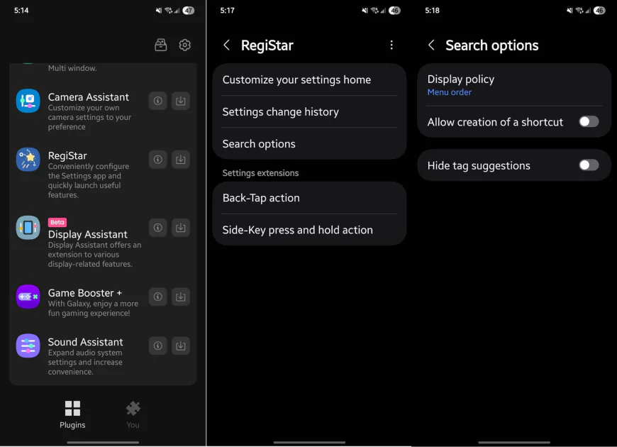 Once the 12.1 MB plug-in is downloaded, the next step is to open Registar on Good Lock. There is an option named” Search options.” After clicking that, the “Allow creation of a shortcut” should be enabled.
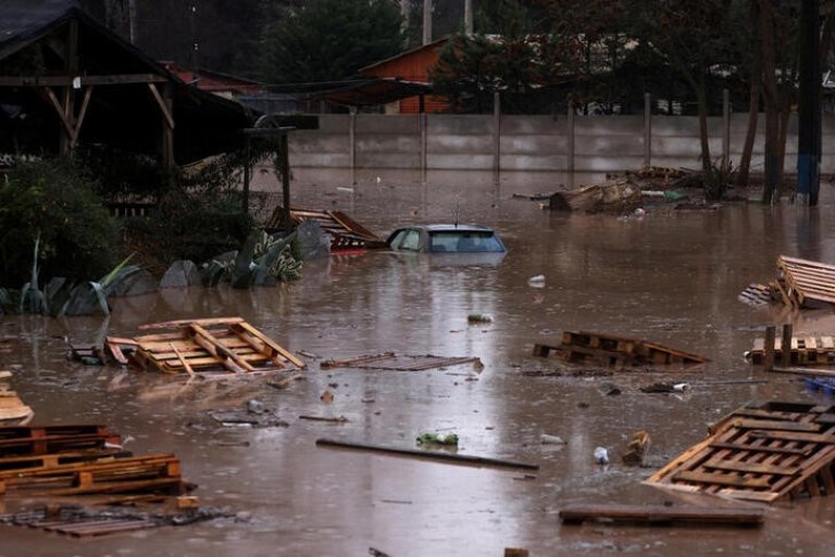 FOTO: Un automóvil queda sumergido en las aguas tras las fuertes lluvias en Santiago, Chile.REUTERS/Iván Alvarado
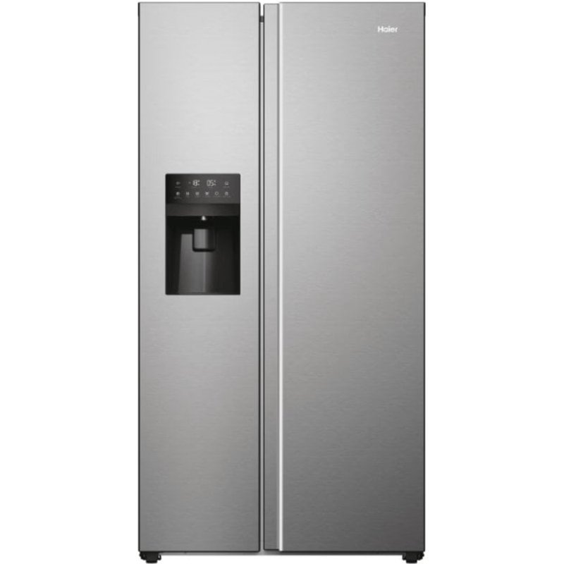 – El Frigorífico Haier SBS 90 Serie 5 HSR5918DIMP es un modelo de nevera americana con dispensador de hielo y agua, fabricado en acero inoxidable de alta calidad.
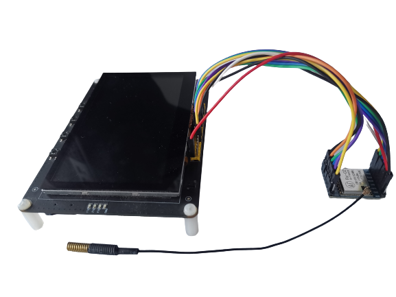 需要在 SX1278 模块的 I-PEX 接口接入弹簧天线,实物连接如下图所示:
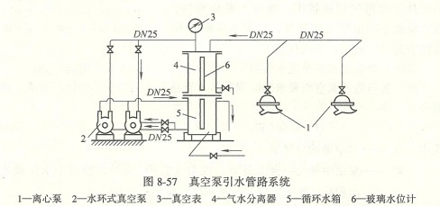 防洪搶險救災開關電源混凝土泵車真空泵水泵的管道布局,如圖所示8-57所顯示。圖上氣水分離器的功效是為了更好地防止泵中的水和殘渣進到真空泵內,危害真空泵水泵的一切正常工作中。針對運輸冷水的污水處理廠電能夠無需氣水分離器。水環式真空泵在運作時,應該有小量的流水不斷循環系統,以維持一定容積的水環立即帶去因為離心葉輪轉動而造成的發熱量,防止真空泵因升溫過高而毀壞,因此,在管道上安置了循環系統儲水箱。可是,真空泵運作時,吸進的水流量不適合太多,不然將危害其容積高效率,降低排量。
···
- [ASSIGNMENT] Beginning with the line that bears "需要在 SX1278 模块的", output each line through the last line of the listing exactly, and no others; skip the pictures.

- [OUTPUT OF THE TASK]
 需要在 SX1278 模块的 I-PEX 接口接入弹簧天线,实物连接如下图所示:
 防洪搶險救災開關電源混凝土泵車真空泵水泵的管道布局,如圖所示8-57所顯示。圖上氣水分離器的功效是為了更好地防止泵中的水和殘渣進到真空泵內,危害真空泵水泵的一切正常工作中。針對運輸冷水的污水處理廠電能夠無需氣水分離器。水環式真空泵在運作時,應該有小量的流水不斷循環系統,以維持一定容積的水環立即帶去因為離心葉輪轉動而造成的發熱量,防止真空泵因升溫過高而毀壞,因此,在管道上安置了循環系統儲水箱。可是,真空泵運作時,吸進的水流量不適合太多,不然將危害其容積高效率,降低排量。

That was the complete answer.